Print only the lines from the one with "Und wie machen" through the end of the data, exactly, and please omit pictures.

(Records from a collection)
Start of Block
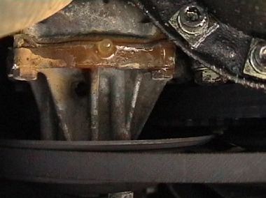 Auch die Technik ist nicht perfekt - Trommelbremsen hinten scheinen etwas lau zu sein, die Kaltstartautomatik am Vergaser wurde abgeklemmt, die Ventile müßten eingestellt werden und derzeit verliere ich etwas viel Kühlwaser an der Wasserpumpe - vielleicht nur eine defekte Dichtung!?! (siehe Bild - Wasserpumpe mit Keilriemen von unten gesehen) - Nachtrag: wurde komplett ersetzt - siehe weiter unten...
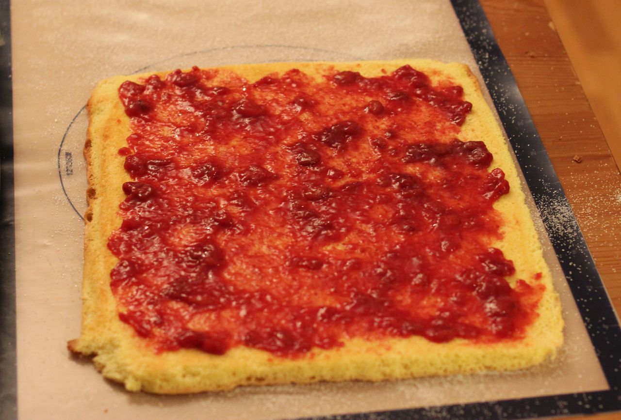 9)Smør kaken med syltetøy
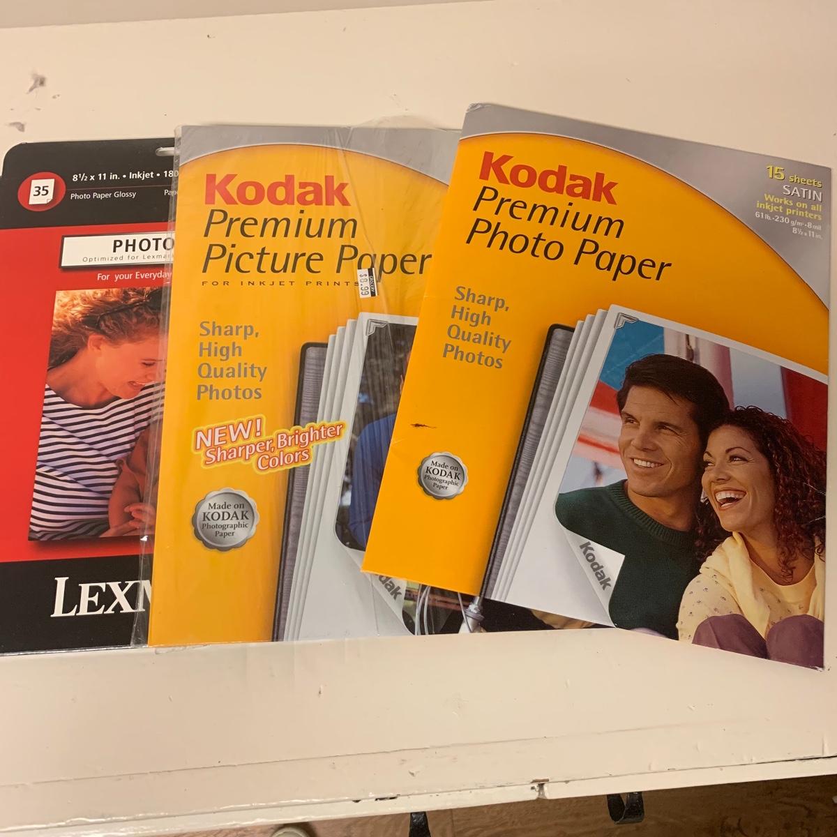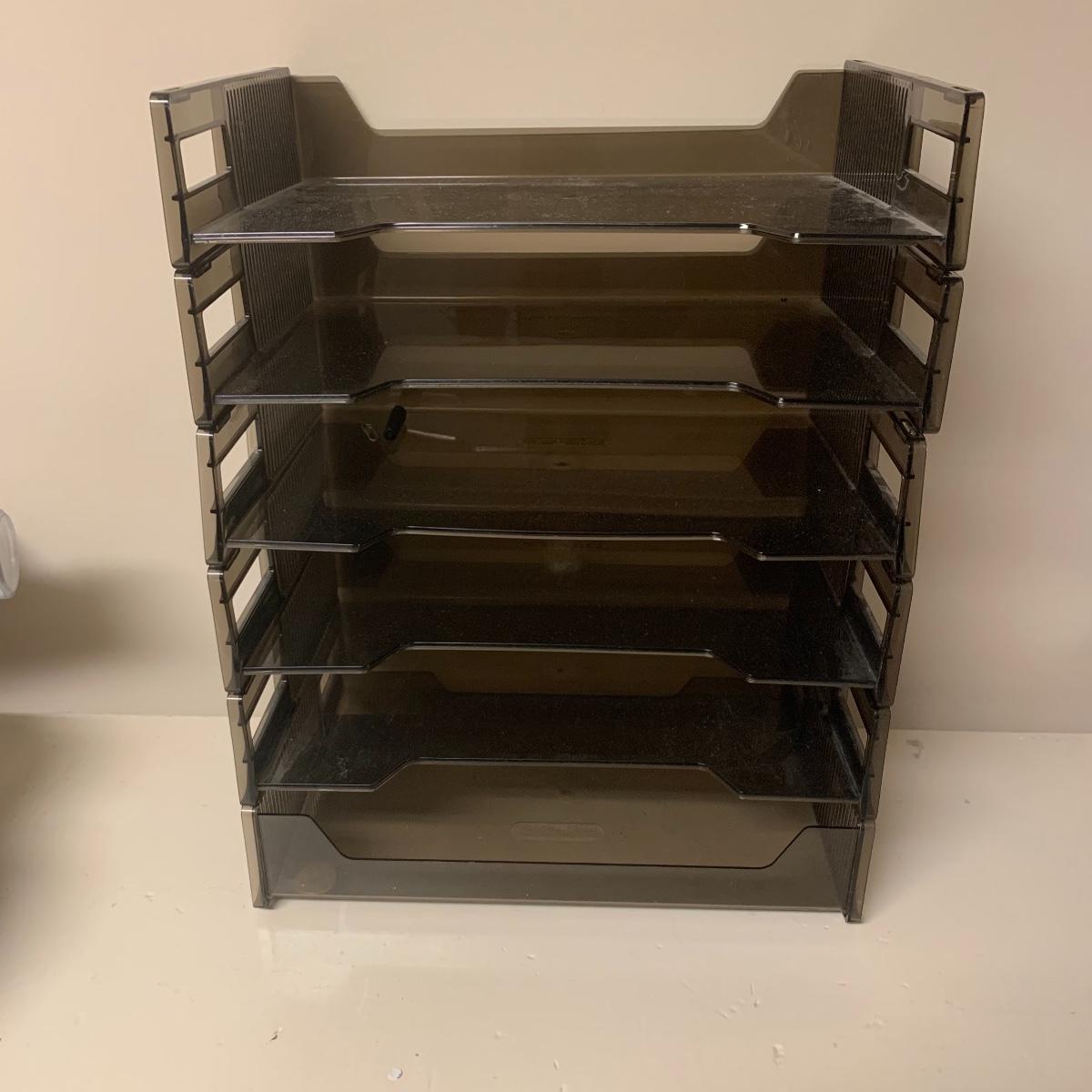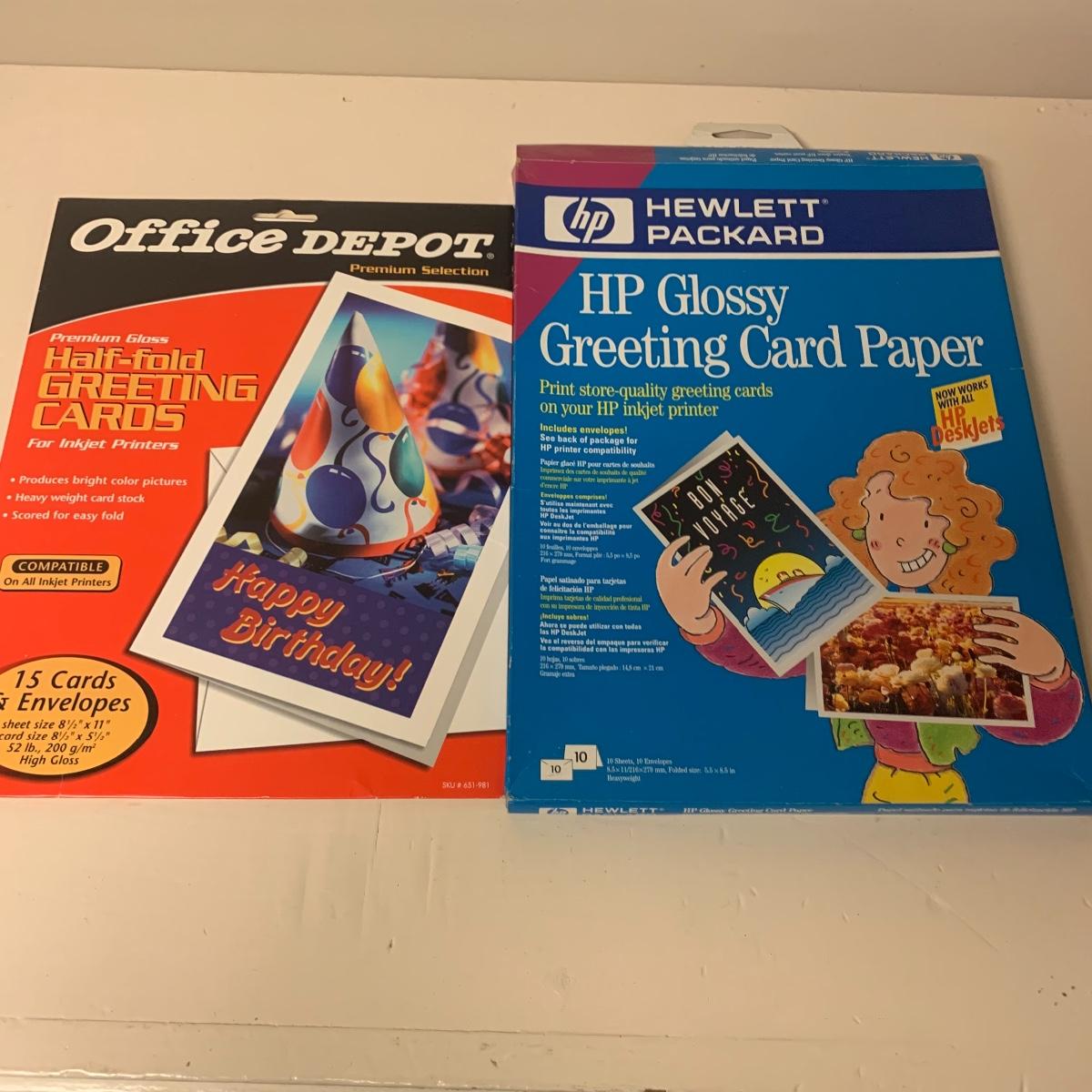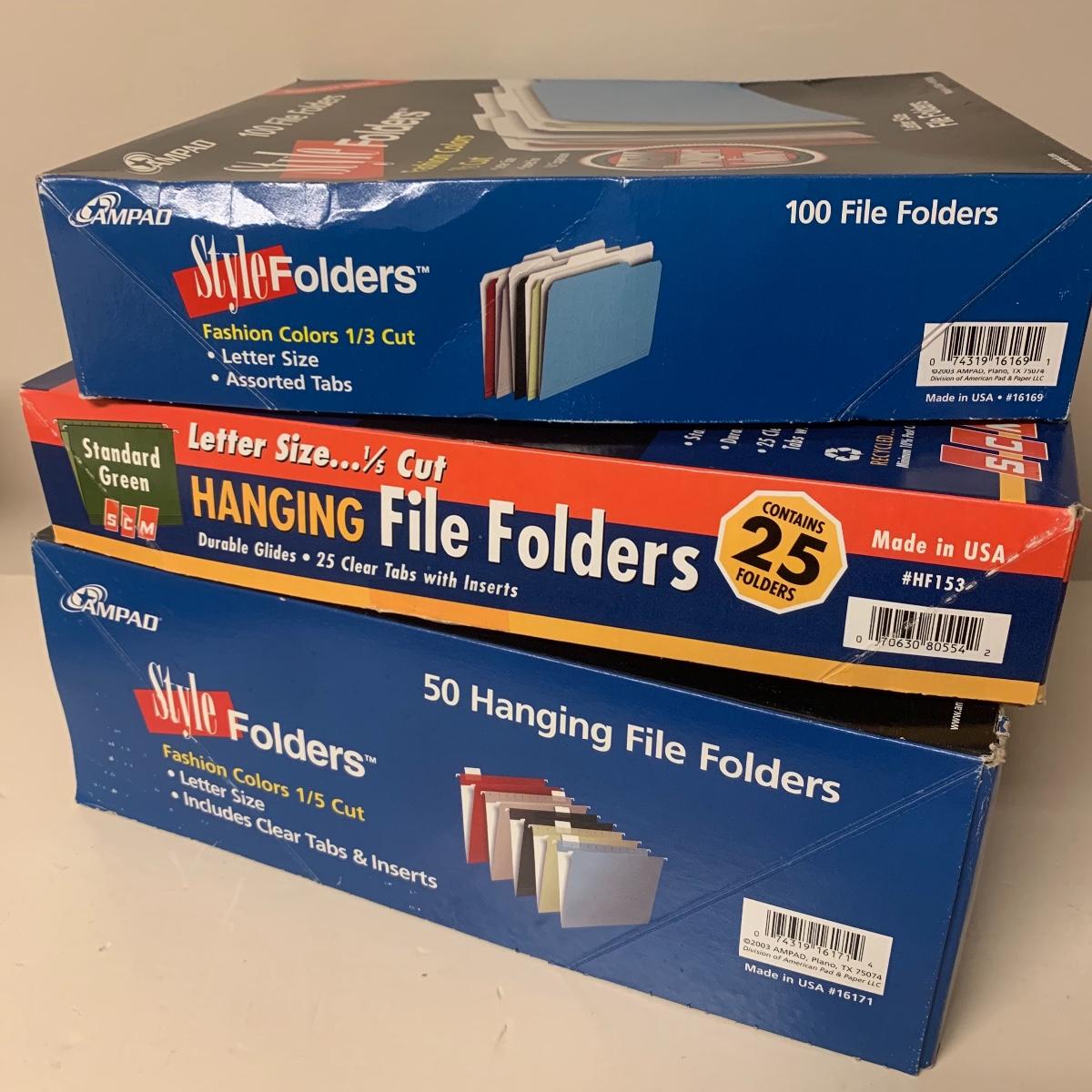 This lot includes desk organizers, scissors, dictionaries, cards and envelopes, photo paper, carbon paper, calculators, file folders, a clock, a power strip and more. The lot also includes a Texas Instruments TI-5045II calculator. Cannot confirm the Texas Instruments calculator works. The clock appears to be working. The dictionaries included in the lot are The Concise American Heritage Dictionary and a two volume set of the Funk & Wagnalls Standard Dictionary A-Z.
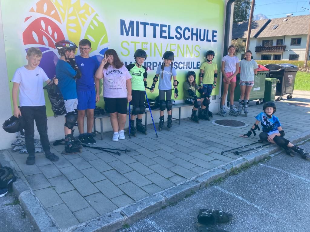Und wie machen wir das mit dem Sport? Wir versuchen im Bewegungsteil wirklich alle Kinder zu erreichen und eine Begeisterung für körperliche Bewegung zu erzielen. Deswegen gehen wir auf zahlreiche Wünsche unserer SchülerInnen ein, neue oder bekannte Sportarten auszuprobieren. In einer Einheit setzten wir daher bei Sonnenschein auf Inline-Skates.
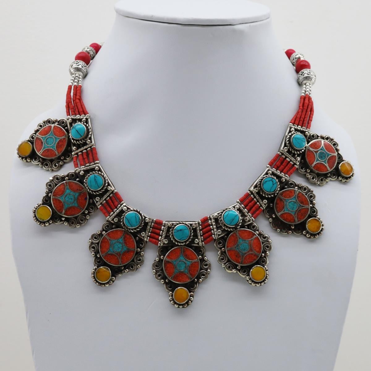 Tibet Natural Stone Hand Made Turquoise, Coral Necklace......;This elegant large Necklace was handcrafted in Tibet, the home of exquisite jewelry craftsmanship. It was skillfully made with large natural Turquoise, each in a deep Tibetan Silver setting. and balance the design perfectly. Turquoise is used virtually worldwide for jewelry making, and is highly prized for its brilliant colors, which vary from mine to mine. The distinctive webbing patterns and variations of color in the stones on this wonderful piece are typical of the natural Turquoise found throughout much of the Himalayan region, where Turquoise has been used in jewelry-making since centuries.
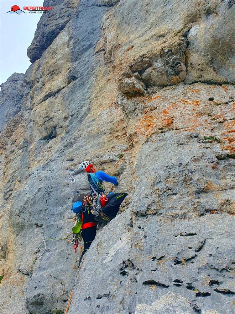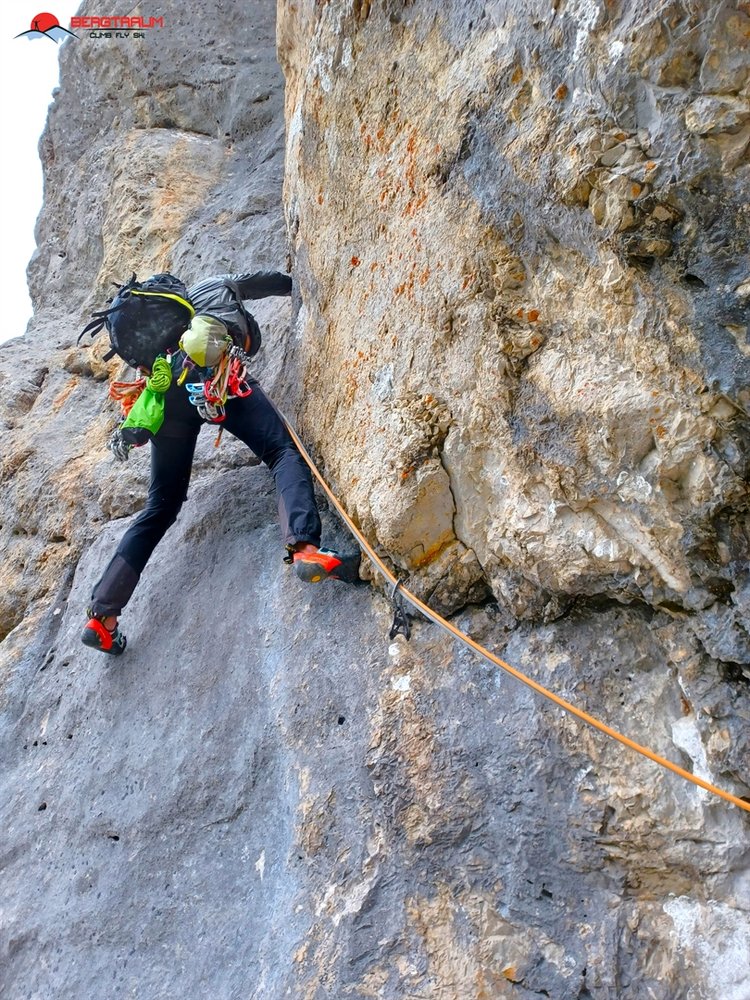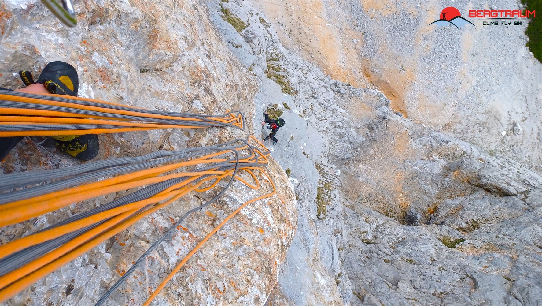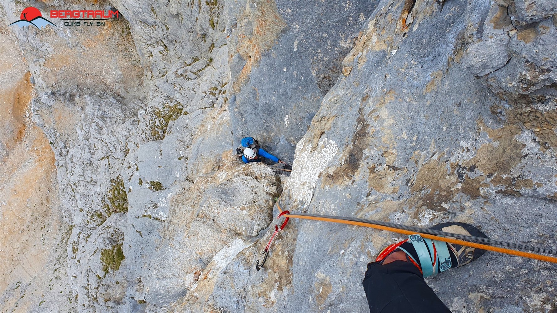 Anhaltende Schwierigkeiten von der dritten bis zur sechsten Seillänge. Die Schlüssellänge (5. SL) ist für Sportkletterer schlecht gesichert.
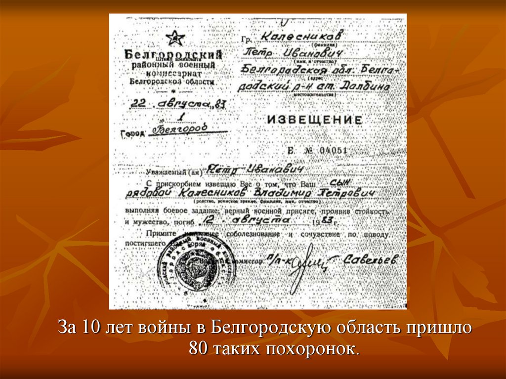 За 10 лет войны в Белгородскую область пришло80 таких похоронок.
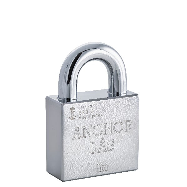 A powerful and weather-protected CEN Grade 5 padlock suitable for locking containers, warehouses, gates and the like. The padlock is included ANCHOR disc lock cylinder and 2 keys. The cylinder is protected in the padlock by a 4.5mm thick hardened free-rotating washer. The padlock is available in master key systems and equal locking groups. The lock is delivered in a weather-protected design with sealing O-rings in the shackle holes and a weather protection cap for the cylinder. As an option, the lock is available with a loose shackle to facilitate locking in hard-to-reach spaces.
End of Block
OUTPUT FOR THIS TASK:
Und wie machen wir das mit dem Sport? Wir versuchen im Bewegungsteil wirklich alle Kinder zu erreichen und eine Begeisterung für körperliche Bewegung zu erzielen. Deswegen gehen wir auf zahlreiche Wünsche unserer SchülerInnen ein, neue oder bekannte Sportarten auszuprobieren. In einer Einheit setzten wir daher bei Sonnenschein auf Inline-Skates.
 Tibet Natural Stone Hand Made Turquoise, Coral Necklace......;This elegant large Necklace was handcrafted in Tibet, the home of exquisite jewelry craftsmanship. It was skillfully made with large natural Turquoise, each in a deep Tibetan Silver setting. and balance the design perfectly. Turquoise is used virtually worldwide for jewelry making, and is highly prized for its brilliant colors, which vary from mine to mine. The distinctive webbing patterns and variations of color in the stones on this wonderful piece are typical of the natural Turquoise found throughout much of the Himalayan region, where Turquoise has been used in jewelry-making since centuries.
 Anhaltende Schwierigkeiten von der dritten bis zur sechsten Seillänge. Die Schlüssellänge (5. SL) ist für Sportkletterer schlecht gesichert.
 За 10 лет войны в Белгородскую область пришло80 таких похоронок.
 A powerful and weather-protected CEN Grade 5 padlock suitable for locking containers, warehouses, gates and the like. The padlock is included ANCHOR disc lock cylinder and 2 keys. The cylinder is protected in the padlock by a 4.5mm thick hardened free-rotating washer. The padlock is available in master key systems and equal locking groups. The lock is delivered in a weather-protected design with sealing O-rings in the shackle holes and a weather protection cap for the cylinder. As an option, the lock is available with a loose shackle to facilitate locking in hard-to-reach spaces.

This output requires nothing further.